# homemade knife jigs help



## SPRNFSH19 (Dec 19, 2011)

Want to make my own butter knife jigs. I have all the material. I'm having trouble with drilling the hole. I have tried titanium bits. I keep burning up the drill bits. Any suggestions would be appreciated.


----------



## amarcafina (Aug 24, 2008)

Drill slow for Stainless ,real slow.


----------



## Rightbrained (Apr 5, 2013)

amarcafina said:


> Drill slow for Stainless ,real slow.


That's the key..... Slow


----------



## SPRNFSH19 (Dec 19, 2011)

*thanks*

That would be the problem. I have been drilling fast. Can I use any metal bit or does it have to be titanium?


----------



## lastcast (Oct 12, 2007)

Might also try to center punch it to help.


----------



## Rightbrained (Apr 5, 2013)

A standard drill bit is fine just make sure to drill slowly .


----------



## lobsterman (Sep 30, 2007)

" The Vermont American "XTEND" bits are heap big juju for drilling stainless."

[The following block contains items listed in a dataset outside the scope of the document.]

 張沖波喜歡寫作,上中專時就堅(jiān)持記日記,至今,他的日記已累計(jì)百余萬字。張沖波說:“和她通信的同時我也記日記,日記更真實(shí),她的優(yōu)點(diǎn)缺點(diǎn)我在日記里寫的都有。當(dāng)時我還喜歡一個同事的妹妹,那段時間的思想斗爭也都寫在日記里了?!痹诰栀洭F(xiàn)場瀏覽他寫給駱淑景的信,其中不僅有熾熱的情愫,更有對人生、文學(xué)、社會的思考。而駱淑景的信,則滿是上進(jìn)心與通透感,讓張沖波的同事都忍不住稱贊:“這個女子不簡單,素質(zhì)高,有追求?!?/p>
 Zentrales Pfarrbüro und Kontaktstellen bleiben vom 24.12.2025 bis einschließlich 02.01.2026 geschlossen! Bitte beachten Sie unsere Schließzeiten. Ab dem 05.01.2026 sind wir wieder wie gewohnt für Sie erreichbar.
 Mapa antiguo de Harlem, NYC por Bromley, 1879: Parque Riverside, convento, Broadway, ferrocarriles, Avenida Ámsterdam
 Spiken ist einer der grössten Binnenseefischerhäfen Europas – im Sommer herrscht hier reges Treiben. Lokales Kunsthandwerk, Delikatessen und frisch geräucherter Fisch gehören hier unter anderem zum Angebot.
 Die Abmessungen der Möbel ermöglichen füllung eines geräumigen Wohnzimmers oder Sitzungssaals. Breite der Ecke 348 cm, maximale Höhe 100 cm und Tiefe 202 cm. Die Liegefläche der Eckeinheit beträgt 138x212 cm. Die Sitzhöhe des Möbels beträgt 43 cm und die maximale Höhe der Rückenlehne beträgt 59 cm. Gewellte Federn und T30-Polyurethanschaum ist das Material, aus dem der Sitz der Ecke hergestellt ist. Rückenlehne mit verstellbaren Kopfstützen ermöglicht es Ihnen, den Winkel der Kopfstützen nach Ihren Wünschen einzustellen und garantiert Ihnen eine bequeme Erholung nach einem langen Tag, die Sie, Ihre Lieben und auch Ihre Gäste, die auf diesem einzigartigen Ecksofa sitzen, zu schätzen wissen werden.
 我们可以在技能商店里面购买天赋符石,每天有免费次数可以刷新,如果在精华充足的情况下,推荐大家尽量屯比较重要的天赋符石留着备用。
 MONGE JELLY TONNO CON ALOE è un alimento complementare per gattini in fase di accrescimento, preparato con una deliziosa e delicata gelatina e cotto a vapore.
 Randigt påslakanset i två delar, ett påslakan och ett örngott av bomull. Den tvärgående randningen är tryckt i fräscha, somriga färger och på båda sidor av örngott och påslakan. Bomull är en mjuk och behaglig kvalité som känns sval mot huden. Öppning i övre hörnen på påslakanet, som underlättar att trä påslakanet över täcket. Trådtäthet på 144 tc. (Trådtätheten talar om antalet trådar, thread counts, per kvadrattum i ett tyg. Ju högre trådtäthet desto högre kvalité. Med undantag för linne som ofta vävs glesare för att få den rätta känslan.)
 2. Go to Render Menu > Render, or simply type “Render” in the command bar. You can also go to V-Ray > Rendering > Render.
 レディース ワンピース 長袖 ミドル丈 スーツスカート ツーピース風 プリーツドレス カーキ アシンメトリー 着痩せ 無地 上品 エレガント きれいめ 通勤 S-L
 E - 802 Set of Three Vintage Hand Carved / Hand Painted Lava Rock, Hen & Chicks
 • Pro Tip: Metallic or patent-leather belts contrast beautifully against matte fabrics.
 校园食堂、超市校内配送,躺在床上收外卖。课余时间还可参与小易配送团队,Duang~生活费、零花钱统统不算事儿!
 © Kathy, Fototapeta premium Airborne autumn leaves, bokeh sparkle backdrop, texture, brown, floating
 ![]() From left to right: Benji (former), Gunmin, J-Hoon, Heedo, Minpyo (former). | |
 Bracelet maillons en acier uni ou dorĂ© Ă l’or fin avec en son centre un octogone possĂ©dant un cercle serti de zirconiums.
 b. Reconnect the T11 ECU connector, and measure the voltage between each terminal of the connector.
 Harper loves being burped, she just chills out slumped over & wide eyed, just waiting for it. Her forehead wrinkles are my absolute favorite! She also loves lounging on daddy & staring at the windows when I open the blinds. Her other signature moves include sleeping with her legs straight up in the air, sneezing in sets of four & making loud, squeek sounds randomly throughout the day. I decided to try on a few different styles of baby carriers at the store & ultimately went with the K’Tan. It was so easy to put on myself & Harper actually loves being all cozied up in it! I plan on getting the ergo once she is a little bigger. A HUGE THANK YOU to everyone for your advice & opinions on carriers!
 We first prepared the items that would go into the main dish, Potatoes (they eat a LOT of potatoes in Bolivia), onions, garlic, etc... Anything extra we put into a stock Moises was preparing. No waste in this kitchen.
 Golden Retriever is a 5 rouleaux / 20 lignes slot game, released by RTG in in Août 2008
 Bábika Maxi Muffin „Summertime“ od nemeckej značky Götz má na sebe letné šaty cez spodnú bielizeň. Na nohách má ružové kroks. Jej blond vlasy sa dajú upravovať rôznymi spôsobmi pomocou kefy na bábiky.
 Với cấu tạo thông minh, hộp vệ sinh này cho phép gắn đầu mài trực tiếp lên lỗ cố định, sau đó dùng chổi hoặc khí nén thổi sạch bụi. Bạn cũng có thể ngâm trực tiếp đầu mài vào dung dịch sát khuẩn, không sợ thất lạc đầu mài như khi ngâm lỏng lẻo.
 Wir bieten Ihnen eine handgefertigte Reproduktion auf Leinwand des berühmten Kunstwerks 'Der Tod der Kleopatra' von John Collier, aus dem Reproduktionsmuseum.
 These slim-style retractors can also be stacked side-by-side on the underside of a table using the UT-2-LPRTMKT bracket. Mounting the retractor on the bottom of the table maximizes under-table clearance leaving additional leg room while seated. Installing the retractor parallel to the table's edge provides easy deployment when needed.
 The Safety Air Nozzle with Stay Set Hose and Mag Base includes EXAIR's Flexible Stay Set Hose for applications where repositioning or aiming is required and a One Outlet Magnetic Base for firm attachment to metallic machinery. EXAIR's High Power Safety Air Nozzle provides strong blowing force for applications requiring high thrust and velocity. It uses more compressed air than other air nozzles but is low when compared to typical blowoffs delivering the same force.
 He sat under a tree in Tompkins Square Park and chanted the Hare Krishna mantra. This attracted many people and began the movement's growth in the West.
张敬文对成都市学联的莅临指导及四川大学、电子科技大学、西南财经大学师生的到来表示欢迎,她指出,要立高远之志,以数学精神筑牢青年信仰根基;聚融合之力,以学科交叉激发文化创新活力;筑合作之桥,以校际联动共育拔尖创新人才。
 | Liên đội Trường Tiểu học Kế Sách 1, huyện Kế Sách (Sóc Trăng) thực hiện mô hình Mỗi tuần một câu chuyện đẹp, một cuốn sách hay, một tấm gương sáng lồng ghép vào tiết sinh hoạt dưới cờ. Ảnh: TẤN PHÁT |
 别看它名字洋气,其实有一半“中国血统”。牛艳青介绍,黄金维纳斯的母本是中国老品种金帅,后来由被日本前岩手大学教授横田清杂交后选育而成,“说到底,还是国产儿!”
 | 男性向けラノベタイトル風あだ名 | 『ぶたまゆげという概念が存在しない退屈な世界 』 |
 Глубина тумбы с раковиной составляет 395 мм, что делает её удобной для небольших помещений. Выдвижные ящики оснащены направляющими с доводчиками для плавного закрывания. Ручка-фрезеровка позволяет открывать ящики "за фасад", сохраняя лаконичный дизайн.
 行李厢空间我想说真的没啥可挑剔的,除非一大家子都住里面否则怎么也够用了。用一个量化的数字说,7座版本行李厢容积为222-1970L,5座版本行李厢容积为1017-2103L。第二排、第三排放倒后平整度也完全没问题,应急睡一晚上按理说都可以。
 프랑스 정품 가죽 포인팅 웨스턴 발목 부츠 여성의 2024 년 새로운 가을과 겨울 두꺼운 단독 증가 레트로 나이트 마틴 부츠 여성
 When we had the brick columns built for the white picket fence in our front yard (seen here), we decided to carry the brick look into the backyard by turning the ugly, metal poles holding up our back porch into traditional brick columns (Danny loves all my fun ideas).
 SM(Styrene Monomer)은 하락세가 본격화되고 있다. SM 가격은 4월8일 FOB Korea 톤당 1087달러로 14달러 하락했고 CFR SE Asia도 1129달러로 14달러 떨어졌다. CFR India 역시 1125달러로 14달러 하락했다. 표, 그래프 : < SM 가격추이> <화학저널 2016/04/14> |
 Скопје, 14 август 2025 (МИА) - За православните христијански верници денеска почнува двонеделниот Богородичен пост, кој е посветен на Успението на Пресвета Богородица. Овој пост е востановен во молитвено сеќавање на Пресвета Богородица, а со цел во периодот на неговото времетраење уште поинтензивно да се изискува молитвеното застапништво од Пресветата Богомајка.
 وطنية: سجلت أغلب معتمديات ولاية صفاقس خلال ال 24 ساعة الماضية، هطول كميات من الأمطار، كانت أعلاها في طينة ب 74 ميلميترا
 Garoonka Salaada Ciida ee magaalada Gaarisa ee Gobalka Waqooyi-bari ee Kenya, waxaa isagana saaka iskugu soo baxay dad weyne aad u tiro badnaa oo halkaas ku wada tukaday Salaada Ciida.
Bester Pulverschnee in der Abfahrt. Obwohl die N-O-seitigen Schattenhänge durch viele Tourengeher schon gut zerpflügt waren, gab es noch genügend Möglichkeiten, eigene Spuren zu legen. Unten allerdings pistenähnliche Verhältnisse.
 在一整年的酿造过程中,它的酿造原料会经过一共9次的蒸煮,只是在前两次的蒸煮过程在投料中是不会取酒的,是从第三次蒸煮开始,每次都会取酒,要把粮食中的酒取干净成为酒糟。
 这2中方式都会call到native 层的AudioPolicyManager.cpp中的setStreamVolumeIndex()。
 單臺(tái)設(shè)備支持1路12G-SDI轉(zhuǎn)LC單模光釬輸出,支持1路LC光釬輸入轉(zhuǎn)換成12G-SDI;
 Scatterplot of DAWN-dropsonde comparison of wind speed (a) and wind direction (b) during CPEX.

http://humboldttuna.com/smf/index.php?topic=546.0


----------



## SPRNFSH19 (Dec 19, 2011)

Got it figured out. Slow is definitely the way to go when drilling the hole in the knife blade. thx everyone for your help:thumbup::thumbup:. Finished a few. They turn out pretty good.


----------



## delta dooler (Mar 6, 2008)

them look great ! how do they do?


----------